Infolge dieser Entwicklungen brach der europäische Hanfanbau im Jahr 1990 auf etwa 5.000 Hektar in Frankreich zusammen.

1.6 Bei der Wiederentdeckung der nachwachsenden Rohstoffe übersehen

Als in den 80er-Jahren nachwachsende Rohstoffe wie Flachs und Raps als Option für die europäische Agrarwirtschaft und die verarbeitende Industrie neu entdeckt wurden, wurde der Hanf schlichtweg übersehen. Obwohl es schon seit mehreren Jahrzehnten Faserhanfsorten gab, die aufgrund ihrer sehr geringen Mengen des Wirkstoffes THC nicht als Droge missbraucht werden können, wurde Hanf in vielen Ländern unabhängig von seinem THC-Gehalt von der Agrarforschung und -wirtschaft links liegen gelassen und oftmals sogar der Anbau verboten. Lediglich in Frankreich – als einzigem Land in Westeuropa – sowie in Osteuropa wurden die Hanfindustrien weiterbetrieben. Während in Osteuropa bis zum Zusammenbruch der UdSSR und des Warschauer Paktes die Produktion von groben technischen Textilien wie Planen und Uniformen für den russischen Markt dominierte, wurde der Hanf in Westeuropa auf kleinen Anbauflächen zum Lieferanten hochwertiger Spezialzellstoffe vor allem für die Zigarettenpapierindustrie.

 

1.7 Mittel- und Osteuropa setzen Hanfanbau fort

Im Gegensatz zu den meisten westeuropäischen Ländern war der Hanfanbau in Mittel- und Osteuropa nie eingestellt worden. Nach dem Zweiten Weltkrieg war hinsichtlich der Anbaufläche die Sowjetunion mit 140.000 Hektar das führende Hanfanbauland. Diese Fläche verringerte sich bis 1990 auf 40.000 Hektar. Auch Rumänien hatte bis in die 80er-Jahre einen bedeutenden Hanfanbau (1989: 46.000 ha) und eine entwickelte Hanfindustrie, vom Faseraufschluss bis hin zu speziellen Spinner- und Webereien. Bedeutend war der Hanfanbau außerdem in Polen, Ungarn und im ehemaligen Gebiet Jugoslawiens. Im wenig bewaldeten Ungarn wurden die als Nebenprodukt des Faseraufschlusses anfallenden Schäben als Holzersatz verwendet und zwar sowohl als Brennstoff als auch in der Möbelindustrie, insbesondere für Leichtbau-Spanplatten.

Mit dem Zusammenbruch des sowjetischen Marktes 1991 gingen die Hanfanbauflächen in den mittel- und osteuropäischen Ländern, die große Teile ihres Hanfes in Form von technischen Textilien in die Sowjetunion exportieren, schlagartig zurück.

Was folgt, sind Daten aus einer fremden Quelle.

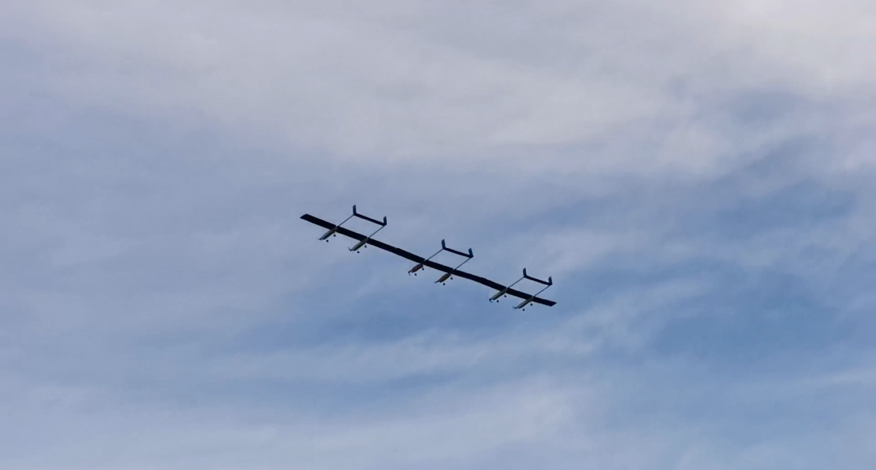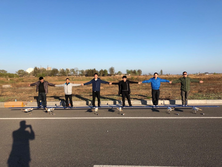 研究团队提出了这种新概念飞行器飞行新原理,通过安装在翼尖的铰接机构,将3米翼展的单机并联成多机翼尖铰接组合式飞行器,将获得比单机更高的升阻比。但由于存在相对滚转自由度,组合飞行器存在这个方向的不稳定,严重影响空中稳定飞行。研究团队通过大量理论分析、方案设计和地面试验,分别于2018年12月和2019年4月,成功实现双机和三机地面预铰接首飞;通过设计增稳控制方案,保障了铰接组合飞行器的稳定飞行,并具有较好的操控性和机动性。

Die Anbauflächen in Ungarn und Rumänien sanken auf weniger als 1.000 ha.

Wie es der Zufall oder das Glück wollten, begann die weltweite Wiederentdeckung des Hanfes noch bevor die hanfindustriellen Strukturen dieser Länder endgültig zerbrochen waren. Das neue Interesse aus den USA und Westeuropa an Hanfgeweben insbesondere für den Bekleidungstextilbereich konnte wichtige Verarbeitungsstrukturen retten. Rumänien war nach China der wichtigste Lieferant für hochwertige Hanfgewebe. Heute werden in Rumänien Hanffasern für Dämmstoffe und Biokomposite produziert, wie sie vor allem im automobilen Bereich eingesetzt werden.